I stood just inside the lab and listened to them talk. Martine put on an incredible performance: the worried wife, who hadn’t heard from her husband in a few days. She kept saying his name, kept reminding him about how he’d been in the mountains for a few months on a solo trip, a last long trip away from home before the baby came. She layered her fingerprint on top of mine and pressed down until the ridges and whorls were deep enough to stay.
I looked over my lab—tungsten tables, tall tempered-glass tanks, massive fume hood, autopsy table, cabinets. All of it was scarred by this. Martine and Seyed and Nathan. All of them had carved their initials into my lab. This place would never be mine again, because some part of it would always, always be theirs.
Ours.
I had never wanted anything to beours. At least, not with Martine or Seyed. And not with this version of Nathan. Not with the version of him that was relieved to see Martine. Not with the version of him that liked her better.
“Who’s your doctor?” Martine asked in a carrying voice.
“I don’t know.” Nathan’s answer came soft. He sounded embarrassed. “I didn’t get her name. She looked like—”
“It’s okay,” Martine said quickly. “I’ll find her. I’ll find out when you can come home.”

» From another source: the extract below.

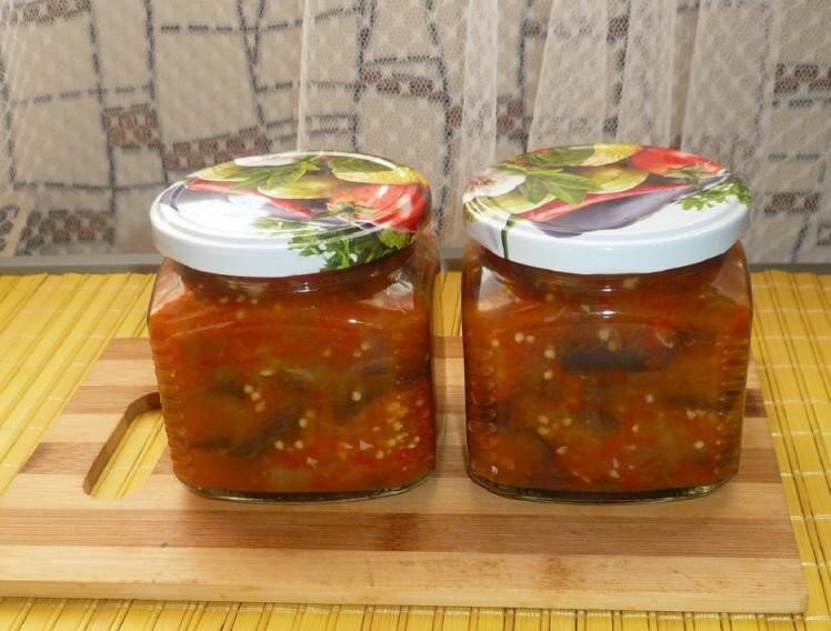 Здравствуйте, дорогие мои! Сегодня про синенькие, они же баклажаны. Несложный рецепт заготовки на зиму. Можно эту закуску сделать острой, ну а если острое не любите или вдруг нельзя, так нет ничего проще - горький перец можно не добавлять. Основная роль тут у перца болгарского. Начинаем с обычной процедуры - хорошо моем овощи. Баклажаны нарезаем таким кусочками, чтобы есть было удобно, но и не совсем мелко. Посыпаем солью и даем постоять, избавляемся от специфической горечи этого овоща. Перец чисти и нарезаем, неважно как. потому что потом измельчаем его в "кашицу", тут и болгарский перец, и острый. Подготавливаем чеснок, его тоже потом нарезаем помельче. В кастрюлю выкладываем перец и чеснок, добавляем соль, сахар и растительное масло. Ставим кастрюлю на огонь. Баклажаны промываем от соли и в кипящей воде варим несколько минут. Перекладываем на дуршлаг, чтобы обтекла вода. Когда перец закипит, выкладываем подготовленные синенькие. Ждем, пока закипит, добавляем уксус и варим пять-сем

She kissed him. It didn’t sound passionate, but it didn’t sound removed, either. When she came out from behind the curtain, she looked around the lab, and in the seconds it took her eyes to find me, I saw it.
She was happy.
She was relieved that he was back. She hadn’t been acting, hadn’t been injecting false affection into her voice. She was gladto see this man again, the man who had kept her trapped under a bell jar of domesticity, the man who had wanted her to look only at him.
She was glad to see him again.
“Okay,” I whispered once she had crossed the lab to me. I put my lips next to her ear, barely breathed the words so that only she would hear them. My heart pounded in my throat, and I tried hard to control my breath so that she would hear my words and not my panic. “Okay. I get it.”
“It’s so good to have him back,” she murmured, her chin bumping my shoulder. “I know you think it’s stupid, but I missed him, I missed him so much, and—”
“Listen.” I cut her off because I couldn’t bear the idea of hearing more. “Listen, I get it. I understand. But he tried to hurt you before, and he might try to do it again.”
“He wouldn’t, I know it,” she said, and the bright hope in her voice struck me hard in the ribs.
“I won’t send you home with him without protection,” I said. The idea took shape faster than blinking, forming in my mind as though I’d set an electric current into the amnio of my mind. “But there’s a solution. A killswitch. It’s easy. I do it all the time. The people who…” I hesitated, then realized I was hesitating because what I was going to tell Martine might hurt her. It felt like weakness, that consideration. “The people who use clones want a way to get rid of them without getting messy.”